Шрифт:
Интервал:
Закладка:
— Ты собираешься поступить в хороший колледж, когда подрастешь?
— Да, сэр.
Штанины его брюк были заправлены в синие замшевые сапоги. Я счел их дорогими. Да и вся одежда Ремлингера выглядела дорогой, и это делало его еще более неуместным здесь. Он провел носком сапога по сухой земле, повернулся, чтобы взглянуть на автомобиль. Сидевшая в нем женщина наблюдала за нами. Она помахала нам рукой, я ей не ответил.
— Вы с Флоренс, наверное, поладите, — сказал Артур Ремлингер. — Она художница. Преданная сторонница «Американской Школы Полуночников». Очень артистична.
Он покивал. Мне показалось, что его это забавляет.
— Одна ее картина висит у меня дома. Я покажу ее тебе при нашей следующей встрече. — Он повел вокруг взглядом — по горячей траве, по разбитому жилому автоприцепу, по останкам домов, в которых никто не жил, и сказал: — В моих родных местах такой городок наверняка спалили бы дотла.
— Почему? — спросил я.
Я думал, он засмеется — на гладком подбородке его вдруг обозначилась ямочка. Но нет.
— Он всех пугал бы, — сказал Артур Ремлингер. И вот теперь улыбнулся. — Добиться в нем какого-либо успеха уже невозможно. А все американцы боятся этого. В их преисподней неверно понимают историю.
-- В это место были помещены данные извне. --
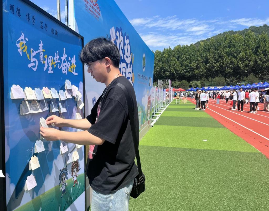 为激励新生扬起青春的帆,同理工奋楫笃行,使新同学们意识到“奋斗才是青春的主旋律”,在我与青理共奋进活动中,满载着新生的祝福。留言条上有对未来的展望,有对生逢其时的感激,有对公司生日的祝福,一个个笔墨一如青春的底色。不仅如此,留言条汇成“70”的模样,屹立在留言板上,一如同学们坚毅的神情,奋斗才是青春的主旋律,与理工同奋楫笃行!其中有一张特别的贴纸,内容是空白的,留下这张空白贴纸的是来自环工233的宋旭安同学,他坚定的说到“大学四年对他来讲,意味着无限可能,要勇敢的超越自我,成为最好的自己!”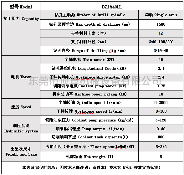 2、钻孔内径16-40mm,钻孔深度单边可钻1500mm,材料外径40-100,两头对钻3000mm;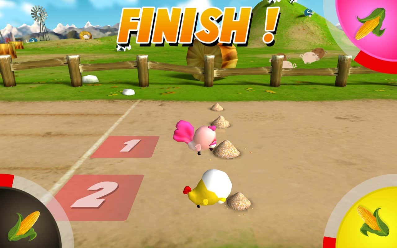 Chick'n Speed - Куриные бега это не только забавное но и весьма сложное занятие. Эта игра довольно простая, однако имеет несколько сложных моментов. Первое это то что забеги здесь весьма эпичные, но при этом необходимо хорошо контролировать бег самой курицы. Конечно же курицы не совсем обычные, и выглядят весьма странно, однако бегать весьма забавно. Управлять ими довольно просто, нужно жать всего лишь одну кнопку, а ещё к тому же играть можно в 4-ом на одном смартфоне. Если же играть не с кем, тогда поставьте против себя компьютер.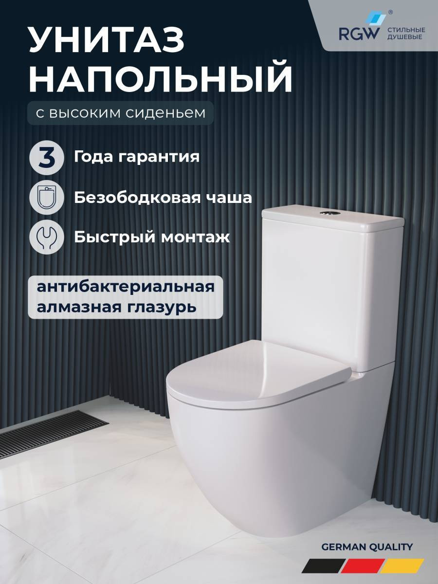 Унитаз с бачком напольный высокий обеспечивает эргономичную посадку.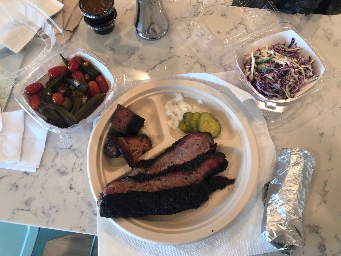 Rollin Smoke is no joke. Ordered brisket, pork belly burnt ends, pulled pork taco along with spicy slaw and smoked okra. It was all fantastic. Very classic. They have lots more than their online menu shows. It's in a food truck park with parking and plenty of shaded tables if you want to eat there.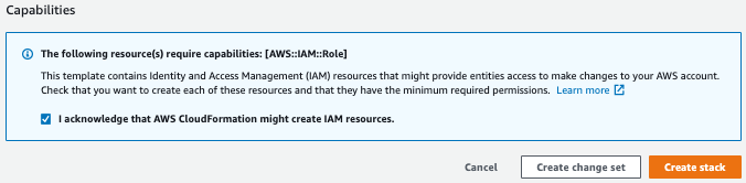 Será necessário selecionar a caixa de “I acknowledge that AWS CloudFormation might create IAM resources” e clicar em Create stack, da mesma forma que fizemos no passo anterior.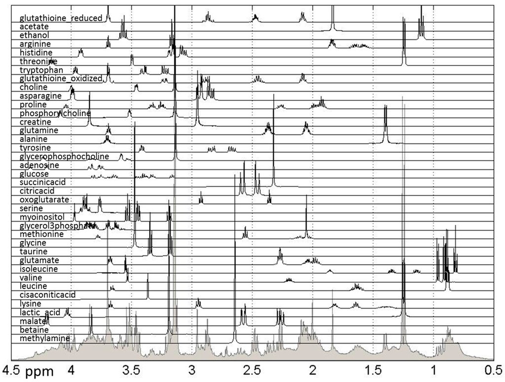 Reference spectra of metabolites used for quantification of relative concentrations of hydrophilic metabolites measured in NMR spectra. Shown are all quantified metabolites as well as the sum of NMR spectra for all samples. The spectral range from 0.5 to 4.5 ppm is shown, however the spectral range used for quantification was 0.5–9 ppm.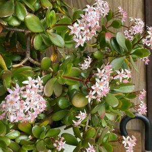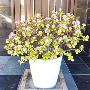 待ちに待った 金のなる木(花月)の花が 咲きました⸜(*´ᗜ`*)⸝ ピンクの小花で𝐊𝐚𝐰𝐚𝐢𝐢─❤︎

— Мне долго придется прожить здесь? — спросил я. Для меня это был вопрос самый важный, вот я его и задал. О моем возвращении в Грейт-Фолс никто пока не сказал ни слова. И о родителях моих Артур Ремлингер ни разу не упомянул — как будто ничего о них не знал или не придавал им никакого значения.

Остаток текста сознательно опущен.